[dropcap]Last[/dropcap] week, around the York, Ryerson, and U of T campuses, amid the usual ads for suspect essay aides and dubious LSAT tutors, there appeared posters that would have been right at home in the 1930’s.

Featuring the stylized outlines of two statuesque white men, the poster was boldly captioned, ‘WHITE STUDENTS UNION!’ (Complete with the exclamation mark and grammatical error). The handsome white men in the poster — doubtless fanciful self-portraits of the group’s founders — are dressed in a pea-coat and a parka, presumably to ward off the chilliness of the isolated moral high ground they inhabit. They display searching expressions, looking, one assumes, for the facts to back up their opinions.

The effect of all this would be comical, were the issues it raises not so serious.

Students for Western Civilization (SFWC) — that is, the organization behind these posters — calls for the creation of white students’ unions on Canadian university campuses that would “promote and celebrate the culture of Western Civilisation” while working to “advance the political interests of the Western peoples.”

Let us evaluate the goals of SFWC, leaving aside, for a moment, the fact that it is preposterous to try to define any cultural element as being intrinsically western. Members of SFWC must be calling for an increase in stone tablet etchings when they say they want more promotion and celebration of western culture, the majority of Canadian media is already dominated by white anchors and white writers, discussing issues pertaining to white people.

This problem of racial bias in the media is so extensive that people have built their whole lives around analyzing it — take, for example, Frances Henry and Carol Tator, whose 272-page book Discourse of Domination meticulously traces how “Canadian journalism is dominated by White people.” As such, SFWC’s cry for increased celebration of western civilization is, at best, a sad joke, akin to the calls for a straight people’s pride parade.

SFWC’s aim to advance the political interests of ‘western peoples’ is equally laughable. The Parliament of Canada is overwhelmingly white — 90 per cent to be exact — while the country’s demography is also majority white (76 per cent). Whose interests, then, are really at risk of being underrepresented here? Members of SFWC clamber for social change, but what they clearly need is internet access.

More generally, despite SFWC’s protests against the contrary, the very idea of a white people’s union is racist. White people are not structurally oppressed based on their race — as such, a white students union does nothing except consolidate and celebrate the unequal power dynamics of which they are already the primary beneficiaries. By appropriating the struggle for racial solidarity and political rights, a white students union is grievously distracting from the systemic disadvantages faced by racial minority.

The issues of racism are certainly real and numerous — from anti-black police brutality, to Islamophobia, to the continued colonization of indigenous land — but they are all to the benefit, not detriment, of white folks.

Apologists for the organization will fling themselves onto the life raft of free speech, and decry those seeking to suppress such noxious bigotry as leftist censor. However, while the founders of SFWC certainly have the right to voice their opinions, they do not have free reign over the forum. SFWC was not a registered organization on any of the campuses it targeted; as such, the university’s disassociation from, and condemnation of, SFWC false advertising could hardly be called censorship.

It is unfortunately inevitable that university campuses, as centres of intellectual debate, will continue to have to deal with extreme opinions of this kind.
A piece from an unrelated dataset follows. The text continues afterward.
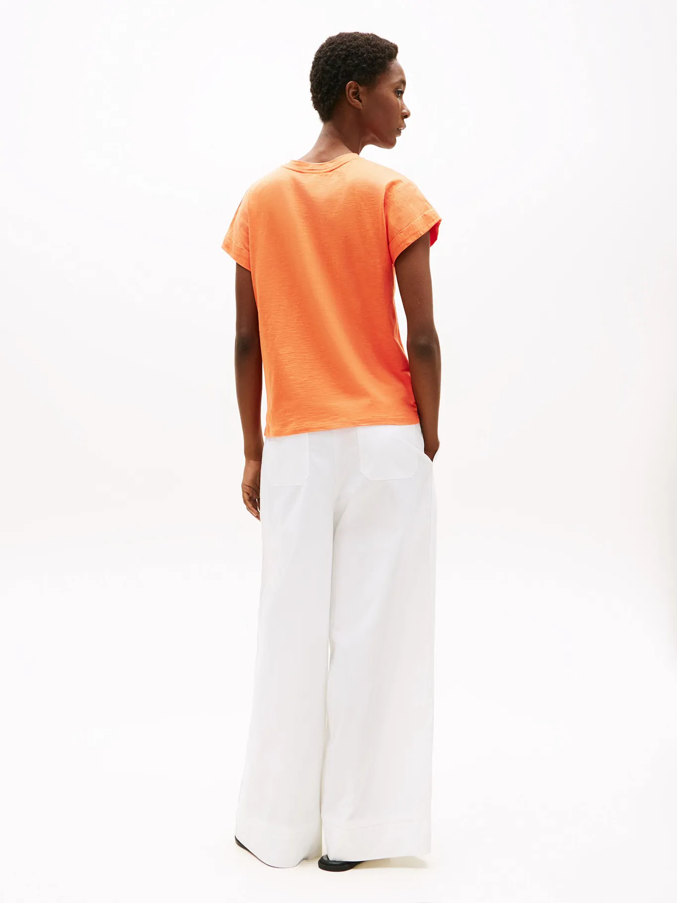 Tričko má kulatý výstřih a ohrnuté rukávy.
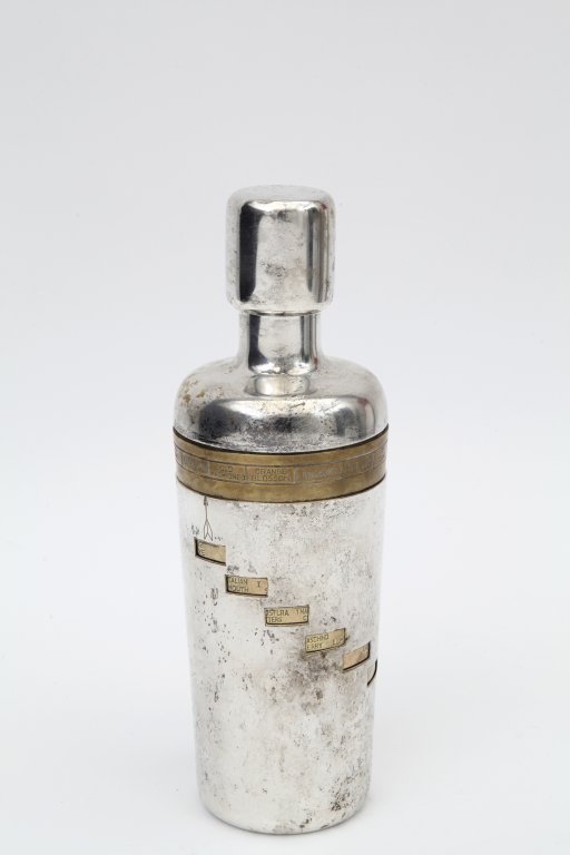 UNO SHAKER, anni "30. Metallo argentato, ottone. Marcato "Metalart". Altezza...

However, as students, it is our duty as part of the academe be critical of the lazy, irresponsible arguments presented by organizations such as SFWC. So, for all the odiousness of an organisation such as SFWC, we can thank them for stirring up ire and attention towards racial inequality rooted in Canadian society.

Incidents like these should be a constant reminder of the long challenges ahead, and serve as a rallying cry for our generation to chip away at the entrenched advantages white Canadians still hold at every level of power. In the meantime, SFWC’s posters have been consigned to the original birthplace of the organization’s own opinions, and hopefully the final resting place of this sort of dialogue — the garbage bin.

Jeffery Chen is a third–year student at Trinity College studying English and European studies.